Morphological Classification of Extragalactic Radio Sources Using Gradient Boosting Methods

The field of radio astronomy is witnessing a boom in the amount of data produced per day due to newly commissioned radio telescopes. One of the most crucial problems in this field is the automatic classification of extragalactic radio sources based on their morphologies. Most recent contributions in the field of morphological classification of extragalactic radio sources have proposed classifiers based on convolutional neural networks. Alternatively, this work proposes gradient boosting machine learning methods accompanied by principal component analysis as data-efficient alternatives to convolutional neural networks. Recent findings have shown the efficacy of gradient boosting methods in outperforming deep learning methods for classification problems with tabular data.
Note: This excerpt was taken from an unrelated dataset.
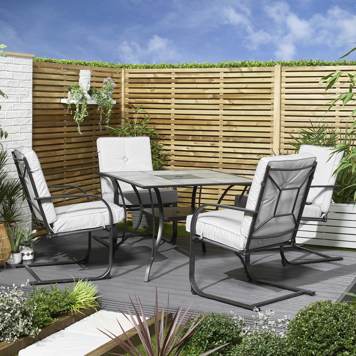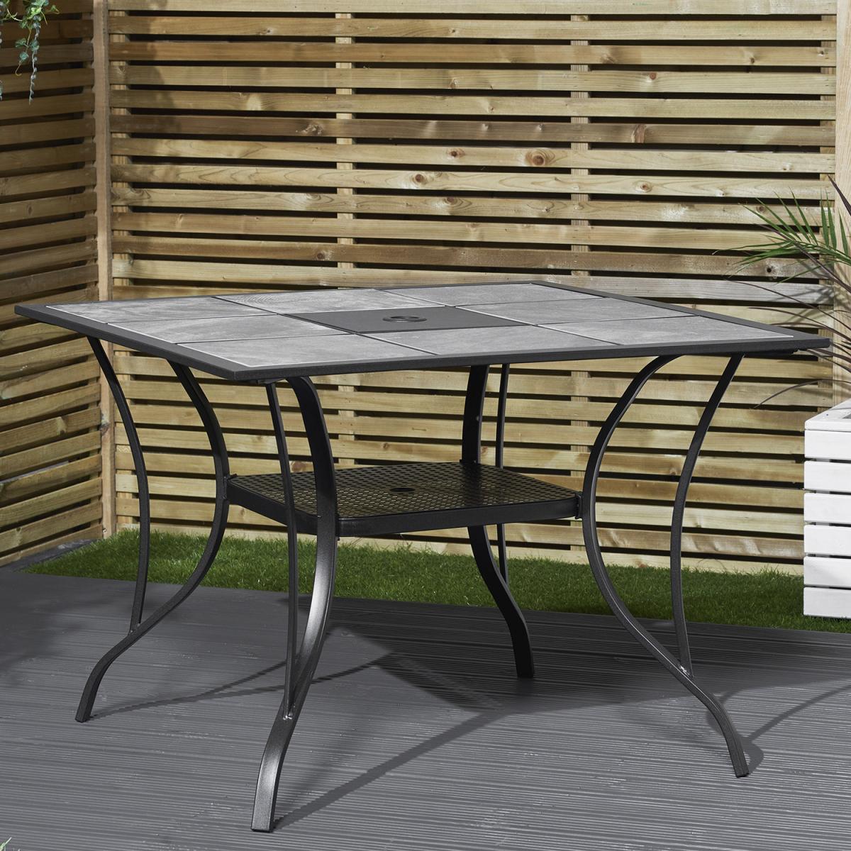 Perfect for whiling away summer evenings with loved ones, the Monte Carlo Firepit Table will allow you to stay warm and cosy even as the sun begins to go in. The Monte Carlo Firepit Table comes with an inbuilt firepit in the centre of the table, as well as a guard to protect against flames. The powder-coated steel frame is coloured a sleek black, and the low, curving legs create an air of luxury in this table. The stone affect tiles around the table top add even more class, and all these dark colours and smooth lines will positively opulent once the fire is roaring and a warm orange glow contrasts with shadows. The Monte Carlo Firepit Table even comes with an included grill, so you and your friends can use the fire to cook food or BBQ snacks. This table is ideal for anyone that loves creating a sense of community in their home and who loves inviting friends around for BBQs.

The gradient boosting methods considered in this work are based on the XGBoost, LightGBM, and CatBoost implementations. This work also studies the effect of dataset size on classifier performance. A three-class classification problem is considered in this work based on the three main Fanaroff-Riley classes: class 0, class I, and class II, using radio sources from the Best-Heckman sample. All three proposed gradient boosting methods outperformed a state-of-the-art convolutional neural networks-based classifier using less than a quarter of the number of images, with CatBoost having the highest accuracy. This was mainly due to the superior accuracy of gradient boosting methods in classifying Fanaroff-Riley class II sources, with 3$\unicode{x2013}$4% higher recall.